• _Records to process_:

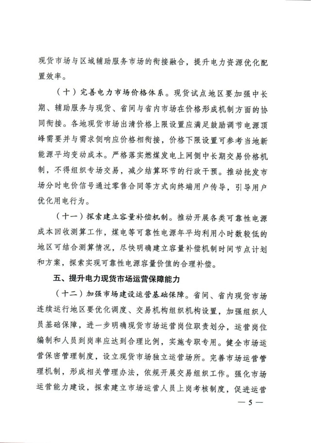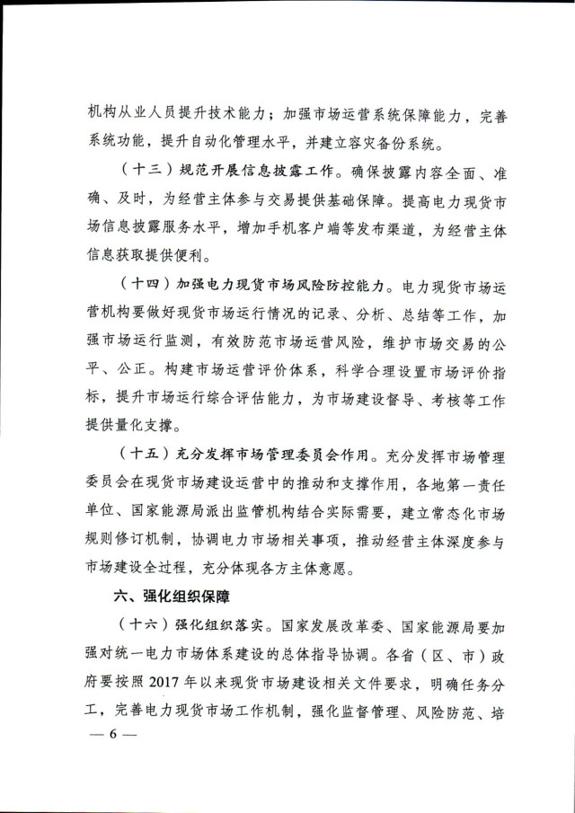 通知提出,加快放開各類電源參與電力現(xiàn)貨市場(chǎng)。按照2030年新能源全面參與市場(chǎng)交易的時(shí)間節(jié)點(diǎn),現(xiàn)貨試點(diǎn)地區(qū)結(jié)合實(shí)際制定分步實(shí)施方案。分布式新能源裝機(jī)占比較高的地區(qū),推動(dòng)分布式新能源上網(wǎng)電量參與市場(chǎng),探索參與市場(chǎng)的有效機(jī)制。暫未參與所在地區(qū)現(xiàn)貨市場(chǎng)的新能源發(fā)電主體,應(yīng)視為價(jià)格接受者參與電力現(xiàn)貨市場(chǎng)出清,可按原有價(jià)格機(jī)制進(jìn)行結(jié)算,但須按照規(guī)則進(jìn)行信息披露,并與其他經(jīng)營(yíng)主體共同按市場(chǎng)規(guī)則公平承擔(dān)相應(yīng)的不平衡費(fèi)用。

...

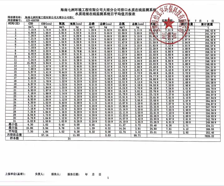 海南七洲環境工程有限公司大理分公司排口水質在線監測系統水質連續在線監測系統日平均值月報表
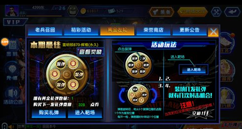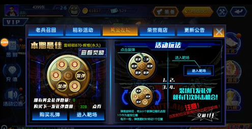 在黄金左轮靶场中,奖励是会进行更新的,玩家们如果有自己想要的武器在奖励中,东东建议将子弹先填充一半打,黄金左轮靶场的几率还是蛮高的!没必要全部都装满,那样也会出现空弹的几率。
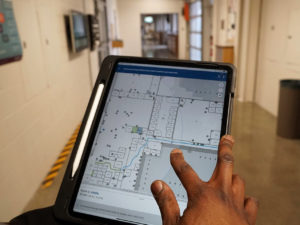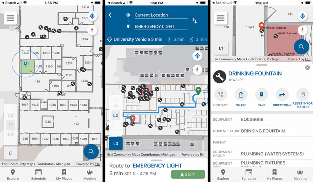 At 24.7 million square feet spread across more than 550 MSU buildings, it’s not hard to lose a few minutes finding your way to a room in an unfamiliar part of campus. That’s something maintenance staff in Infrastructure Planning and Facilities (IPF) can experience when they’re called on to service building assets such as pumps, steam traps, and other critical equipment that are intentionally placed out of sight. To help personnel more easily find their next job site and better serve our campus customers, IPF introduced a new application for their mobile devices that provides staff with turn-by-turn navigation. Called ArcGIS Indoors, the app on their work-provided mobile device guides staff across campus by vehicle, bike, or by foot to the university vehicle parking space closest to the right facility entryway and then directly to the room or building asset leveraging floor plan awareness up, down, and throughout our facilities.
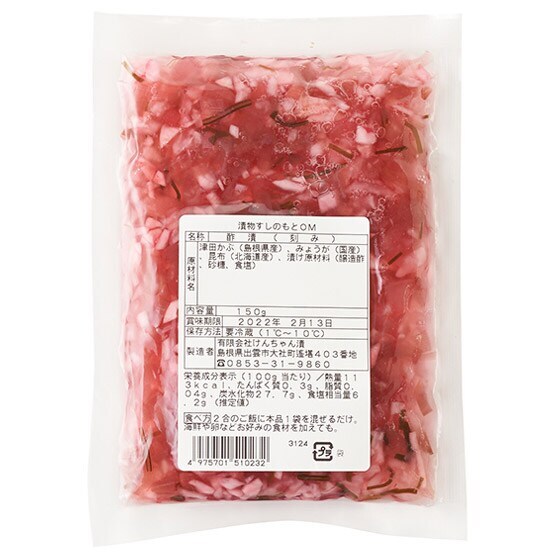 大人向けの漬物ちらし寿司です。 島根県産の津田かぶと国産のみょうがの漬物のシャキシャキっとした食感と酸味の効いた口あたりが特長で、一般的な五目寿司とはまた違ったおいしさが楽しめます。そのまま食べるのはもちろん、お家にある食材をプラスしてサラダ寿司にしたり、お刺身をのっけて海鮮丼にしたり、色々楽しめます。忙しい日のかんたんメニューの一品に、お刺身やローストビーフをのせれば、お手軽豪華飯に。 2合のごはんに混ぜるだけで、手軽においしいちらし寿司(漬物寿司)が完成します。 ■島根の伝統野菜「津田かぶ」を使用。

---

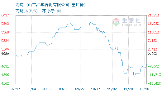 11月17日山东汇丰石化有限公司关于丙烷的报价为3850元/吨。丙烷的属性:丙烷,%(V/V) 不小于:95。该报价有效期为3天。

• _Required action_: "海南七洲環境工程有限公司大理" marks the first line to copy, and "在黄金左轮靶场中,奖励是会进" marks the last. Repeat that stretch above exactly, with no pictures.

• _Written solution_:
 海南七洲環境工程有限公司大理分公司排口水質在線監測系統水質連續在線監測系統日平均值月報表
 在黄金左轮靶场中,奖励是会进行更新的,玩家们如果有自己想要的武器在奖励中,东东建议将子弹先填充一半打,黄金左轮靶场的几率还是蛮高的!没必要全部都装满,那样也会出现空弹的几率。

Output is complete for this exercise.